Record high corn prices and the impact on food costs
Recent US trades driven by economic growth in developing countries and favourable exchange rates, combined with tight global grain supplies, resulted in record or near-record prices for corn, soybeans and other food and feed grains in 2007.
For corn, these factors, along with increased demand for ethanol, helped push prices from under US$2 (AU$2.14) per bushel in 2005 to $3.40 (S3.65) per bushel in 2007. By the end of the 2006/07 crop year, 2 billion bushels of corn (19% of the harvested corn) had been used to produce ethanol, a 30% increase from the previous year. Higher corn prices motivated farmers to increase corn acreage at the expense of other crops, such as soybeans and cotton, which saw their prices rise as well.

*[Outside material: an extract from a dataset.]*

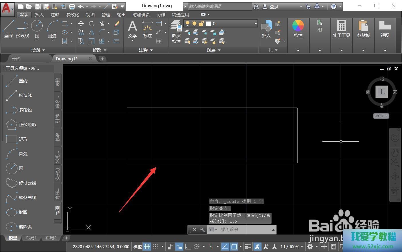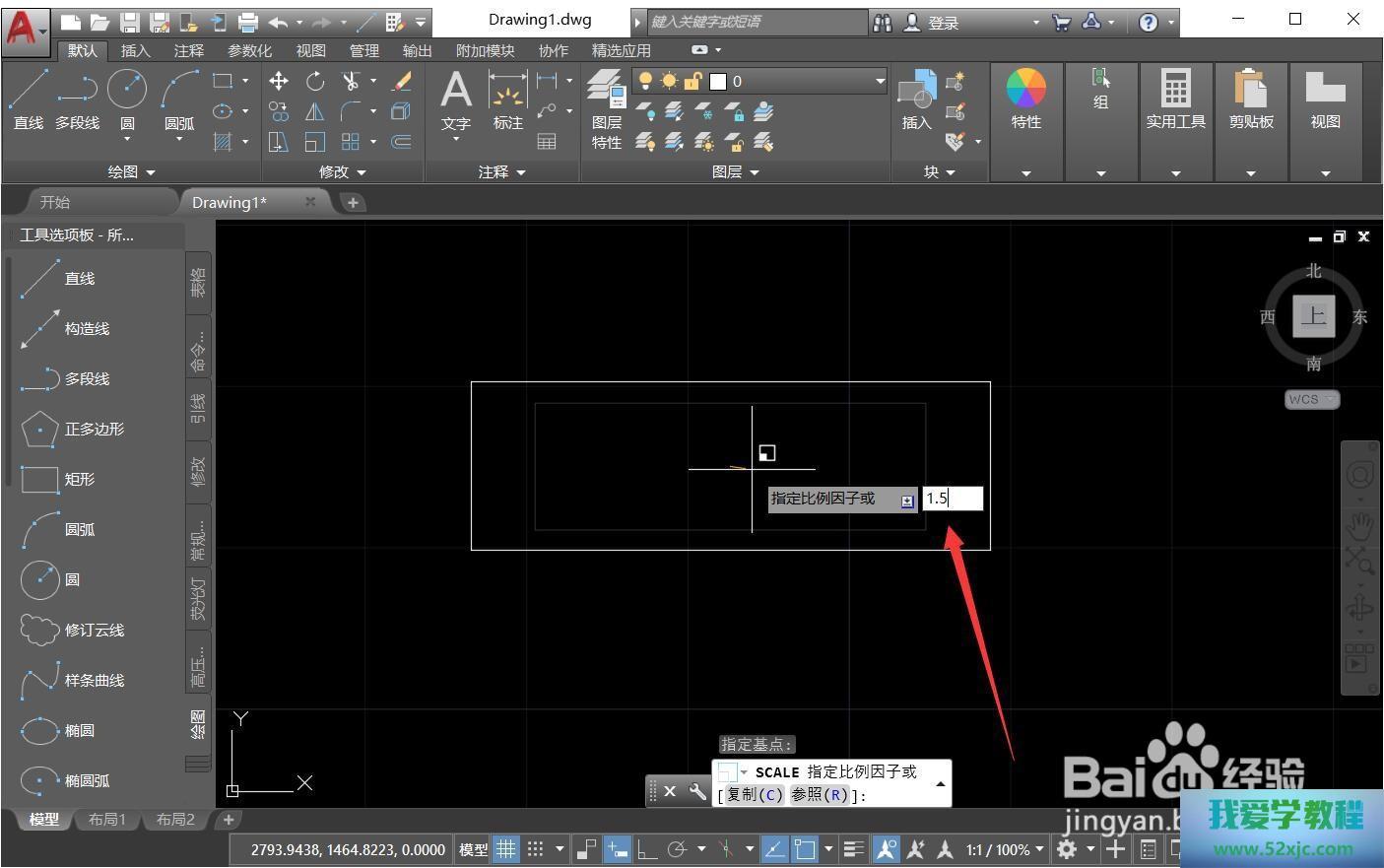 指定缩放的基点,以几何核心为例,配置缩放的比例因子,比方1.5。

So what effect do these higher commodity prices have on retail food prices? In general, retail food prices are much less volatile than farm-level prices and tend to rise by a fraction of the change in farm prices. The magnitude of response depends on both the retailing costs beyond the raw food ingredients and the nature of competition in retail food markets. Ethanol's impact on retail food prices depends on how long the increased demand for corn drives up farm corn prices and the extent to which higher corn prices are passed on to retail.
Retail food prices adjust as the cost of inputs into retail food production change and the competitive environment in a given market evolves. Strong competition among three to five retails stores, in the US, has seen a moderating effect on food price inflation.
Overall, retail food prices have been relatively stable over the past 20 years, with prices increasing on average to 3% per year from 1987 to 2007. The main exception occurred when sharply higher farm prices increased retail prices 5.8% in 1989 and 1990. Since then, food price inflation has averaged around 2.5% per year in the US and a modest 1.2% in Australia for the December 2007 quarter.
Retail prices are a function of both consumer demand and the interaction between food manufacturers, distributors and retailers with each group having some pricing power in the supply chain. Ultimately, though, the retailer has a more complicated pricing decision since it is selling a wider variety of products to a more diverse consumer clientele than most manufacturers or distributors. The challenge for the food retailer is to determine how best to distribute the costs of providing food and services to consumers across a wide range of products. The pricing challenge removes some of the direct connection between the costs of a given product and the retail price charged.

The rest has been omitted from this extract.